■ SUPPLIED DATA
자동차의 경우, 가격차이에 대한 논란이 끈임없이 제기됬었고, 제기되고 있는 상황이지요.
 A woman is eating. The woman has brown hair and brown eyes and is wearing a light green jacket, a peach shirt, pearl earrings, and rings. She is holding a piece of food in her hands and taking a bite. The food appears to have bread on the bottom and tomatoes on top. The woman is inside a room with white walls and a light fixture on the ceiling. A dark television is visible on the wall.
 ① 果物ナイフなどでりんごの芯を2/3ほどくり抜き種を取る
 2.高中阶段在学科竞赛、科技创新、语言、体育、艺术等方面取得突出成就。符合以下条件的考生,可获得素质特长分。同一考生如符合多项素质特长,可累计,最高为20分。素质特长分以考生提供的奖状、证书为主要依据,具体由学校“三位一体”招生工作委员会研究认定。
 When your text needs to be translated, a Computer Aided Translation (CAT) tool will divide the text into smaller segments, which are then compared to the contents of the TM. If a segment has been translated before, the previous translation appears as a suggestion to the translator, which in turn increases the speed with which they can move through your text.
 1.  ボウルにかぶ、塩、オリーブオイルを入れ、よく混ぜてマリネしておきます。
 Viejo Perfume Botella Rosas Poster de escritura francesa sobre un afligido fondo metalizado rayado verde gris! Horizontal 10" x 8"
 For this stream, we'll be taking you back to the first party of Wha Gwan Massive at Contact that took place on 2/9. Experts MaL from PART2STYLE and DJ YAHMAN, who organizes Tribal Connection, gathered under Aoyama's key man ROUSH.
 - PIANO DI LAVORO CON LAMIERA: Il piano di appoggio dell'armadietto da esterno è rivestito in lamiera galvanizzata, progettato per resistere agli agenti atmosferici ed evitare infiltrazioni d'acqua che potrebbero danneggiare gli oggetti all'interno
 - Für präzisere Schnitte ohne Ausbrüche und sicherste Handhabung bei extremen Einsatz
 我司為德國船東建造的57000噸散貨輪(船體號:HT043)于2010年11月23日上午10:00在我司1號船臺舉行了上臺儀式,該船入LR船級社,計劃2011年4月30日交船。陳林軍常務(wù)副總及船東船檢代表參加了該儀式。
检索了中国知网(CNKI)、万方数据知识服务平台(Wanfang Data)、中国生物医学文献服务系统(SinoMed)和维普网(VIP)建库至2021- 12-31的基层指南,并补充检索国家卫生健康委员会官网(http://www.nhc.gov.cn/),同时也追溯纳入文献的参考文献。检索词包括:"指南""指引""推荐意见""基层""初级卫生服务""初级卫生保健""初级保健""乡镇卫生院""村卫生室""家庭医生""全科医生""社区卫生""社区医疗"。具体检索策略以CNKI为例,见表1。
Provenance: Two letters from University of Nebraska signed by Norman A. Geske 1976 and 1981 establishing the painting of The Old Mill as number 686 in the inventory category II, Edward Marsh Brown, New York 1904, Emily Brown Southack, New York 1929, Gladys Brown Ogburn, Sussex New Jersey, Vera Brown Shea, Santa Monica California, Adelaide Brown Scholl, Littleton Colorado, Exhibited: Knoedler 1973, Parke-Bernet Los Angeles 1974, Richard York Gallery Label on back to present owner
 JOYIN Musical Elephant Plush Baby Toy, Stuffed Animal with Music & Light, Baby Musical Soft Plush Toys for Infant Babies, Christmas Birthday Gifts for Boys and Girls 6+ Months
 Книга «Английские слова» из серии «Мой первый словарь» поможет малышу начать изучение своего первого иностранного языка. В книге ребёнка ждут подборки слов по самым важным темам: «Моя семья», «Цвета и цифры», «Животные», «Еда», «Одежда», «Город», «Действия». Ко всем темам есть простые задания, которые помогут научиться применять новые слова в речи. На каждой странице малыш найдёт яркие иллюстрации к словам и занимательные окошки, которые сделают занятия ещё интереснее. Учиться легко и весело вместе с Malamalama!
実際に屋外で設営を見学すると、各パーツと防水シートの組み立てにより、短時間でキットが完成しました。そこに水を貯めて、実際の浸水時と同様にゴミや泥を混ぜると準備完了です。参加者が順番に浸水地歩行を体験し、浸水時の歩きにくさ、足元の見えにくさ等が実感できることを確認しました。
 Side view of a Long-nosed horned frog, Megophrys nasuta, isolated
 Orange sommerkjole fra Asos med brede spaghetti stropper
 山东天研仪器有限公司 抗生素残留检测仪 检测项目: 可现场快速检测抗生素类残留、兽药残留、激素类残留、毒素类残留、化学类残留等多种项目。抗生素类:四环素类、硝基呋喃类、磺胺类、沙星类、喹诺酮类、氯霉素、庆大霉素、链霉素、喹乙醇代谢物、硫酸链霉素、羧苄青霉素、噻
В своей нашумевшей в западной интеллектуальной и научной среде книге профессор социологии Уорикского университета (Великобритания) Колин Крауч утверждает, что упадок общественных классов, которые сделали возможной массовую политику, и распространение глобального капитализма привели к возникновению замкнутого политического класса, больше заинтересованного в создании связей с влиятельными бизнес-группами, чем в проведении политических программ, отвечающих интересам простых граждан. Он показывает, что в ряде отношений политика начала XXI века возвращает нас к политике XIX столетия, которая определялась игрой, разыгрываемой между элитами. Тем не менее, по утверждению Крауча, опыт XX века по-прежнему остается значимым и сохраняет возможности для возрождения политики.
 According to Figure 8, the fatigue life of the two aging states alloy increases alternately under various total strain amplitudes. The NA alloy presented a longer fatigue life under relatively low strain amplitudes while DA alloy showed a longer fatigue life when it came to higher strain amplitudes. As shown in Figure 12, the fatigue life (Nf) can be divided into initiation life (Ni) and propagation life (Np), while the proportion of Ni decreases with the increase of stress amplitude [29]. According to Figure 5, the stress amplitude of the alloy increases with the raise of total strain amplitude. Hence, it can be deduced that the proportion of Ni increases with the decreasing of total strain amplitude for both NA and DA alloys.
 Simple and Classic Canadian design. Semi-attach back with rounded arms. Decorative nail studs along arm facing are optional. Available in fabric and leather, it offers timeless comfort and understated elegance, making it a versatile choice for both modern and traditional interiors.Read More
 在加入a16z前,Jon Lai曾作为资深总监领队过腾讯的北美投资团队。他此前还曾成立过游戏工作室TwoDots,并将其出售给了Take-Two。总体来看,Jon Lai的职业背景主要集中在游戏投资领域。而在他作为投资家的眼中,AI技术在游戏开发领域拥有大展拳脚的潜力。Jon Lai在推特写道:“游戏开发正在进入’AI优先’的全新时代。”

■ PROBLEM TO SOLVE
Give an exact copy of the lines above, from the top of the records to the line that contains "A woman is eating.", taking in both ends.

■ EXPECTED OUTPUT
자동차의 경우, 가격차이에 대한 논란이 끈임없이 제기됬었고, 제기되고 있는 상황이지요.
 A woman is eating. The woman has brown hair and brown eyes and is wearing a light green jacket, a peach shirt, pearl earrings, and rings. She is holding a piece of food in her hands and taking a bite. The food appears to have bread on the bottom and tomatoes on top. The woman is inside a room with white walls and a light fixture on the ceiling. A dark television is visible on the wall.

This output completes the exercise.